-
Notifications
You must be signed in to change notification settings - Fork 112
Description
I was getting a UserWarning: http.cookiejar bug! for a Unicode URL and after 4 hours of debugging seem to found the culprit.
After Webtest calls req.get_response for a Django WSGI application, the environment changes and no longer contains the raw URL-unquoted path but its UTF8-decoded equivalent. However, when extracting the cookies, Webtest still assumes that the path has the raw value, resulting in the following stacktrace:
File "/usr/lib/python3.12/http/cookiejar.py", line 1628, in make_cookies
ns_cookies = self._cookies_from_attrs_set(
^^^^^^^^^^^^^^^^^^^^^^^^^^^^^
File "/usr/lib/python3.12/http/cookiejar.py", line 1583, in _cookies_from_attrs_set
cookie = self._cookie_from_cookie_tuple(tup, request)

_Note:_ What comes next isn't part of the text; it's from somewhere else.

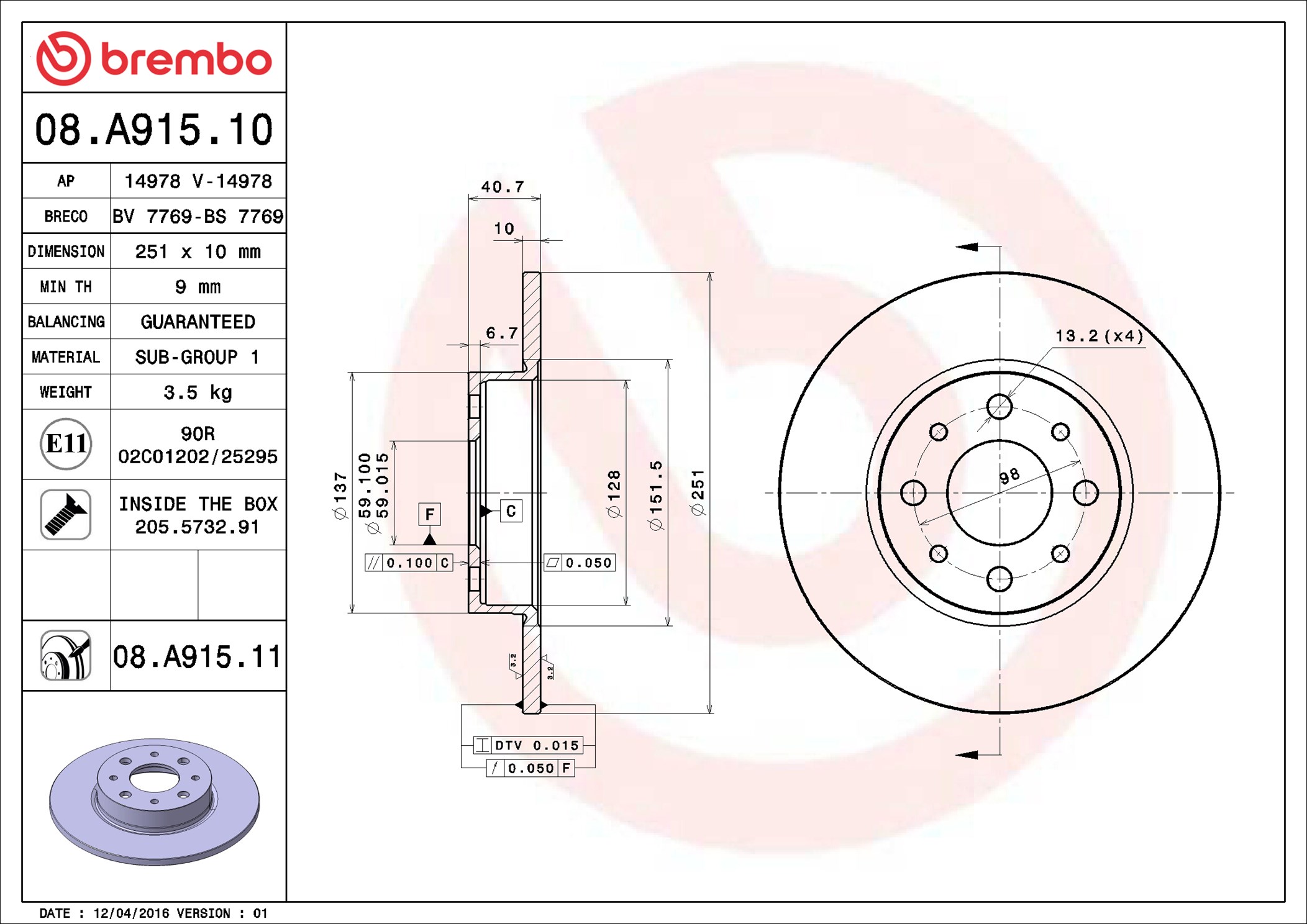 Description ![]() 2x Brake Discs Pair Solid Rear 251mm 08.A915.11 Brembo

^^^^^^^^^^^^^^^^^^^^^^^^^^^^^^^^^^^^^^^^^^^^
File "/usr/lib/python3.12/http/cookiejar.py", line 1532, in _cookie_from_cookie_tuple
req_host, erhn = eff_request_host(request)
^^^^^^^^^^^^^^^^^^^^^^^^^
File "/usr/lib/python3.12/http/cookiejar.py", line 642, in eff_request_host
erhn = req_host = request_host(request)
^^^^^^^^^^^^^^^^^^^^^
File "/usr/lib/python3.12/http/cookiejar.py", line 627, in request_host
url = request.get_full_url()
^^^^^^^^^^^^^^^^^^^^^^
File "/home/venvs/p312/lib/python3.12/site-packages/webtest/utils.py", line 125, in get_full_url
return self._request.url
^^^^^^^^^^^^^^^^^
File "/home/venvs/p312/lib/python3.12/site-packages/webob/request.py", line 497, in url
url = self.path_url
^^^^^^^^^^^^^
File "/home/venvs/p312/lib/python3.12/site-packages/webob/request.py", line 469, in path_url
bpath_info = bytes_(self.path_info, self.url_encoding)
^^^^^^^^^^^^^^
File "/home/venvs/p312/lib/python3.12/site-packages/webob/descriptors.py", line 70, in fget
return req.encget(key, encattr=encattr)
^^^^^^^^^^^^^^^^^^^^^^^^^^^^^^^^
File "/home/venvs/p312/lib/python3.12/site-packages/webob/request.py", line 167, in encget
return bytes_(val, 'latin-1').decode(encoding)
^^^^^^^^^^^^^^^^^^^^^^
File "/home/venvs/p312/lib/python3.12/site-packages/webob/compat.py", line 33, in bytes_
return s.encode(encoding, errors)
^^^^^^^^^^^^^^^^^^^^^^^^^^
UnicodeEncodeError: 'latin-1' codec can't encode character '\u0109' in position 1: ordinal not in range(256)
The modification of the environment happens because of how Django’s WSGIRequest handles it. In particular, this line decodes the PATH_INFO:
path_info = get_path_info(environ) or "/"and these 2 lines modify the PATH_INFO in the environ:
self.META = environ
self.META["PATH_INFO"] = path_infoFor example, performing a GET request of “/ab%C4%87%C4%8F%C4%99f” results in the following debug output:
inside get(), url='/ab%C4%87%C4%8F%C4%99f'
req.url_encoding=UTF-8, req.environ['PATH_INFO']=/abÄÄÄf, req.path_info=/abćďęf
inside do_request(), PATH_INFO=/abÄÄÄf
before get response, PATH_INFO=/abÄÄÄf
inside TestRequest.call_application, environ['PATH_INFO']=/abÄÄÄf
...
inside TestRequest.call_application, environ['PATH_INFO']=/abćďęf
after get response, PATH_INFO=/abćďęf
I don’t understand the internals sufficiently to say what the most correct course of action is:
- should Webtest create a copy of the environment prior to calling
req.get_responseand restore it after the call? - should Webtest copy only PATH_INFO and restore it after getting the response?
- should Webtest examine PATH_INFO after getting the response, and if it is Unicode, encode it back into a raw form?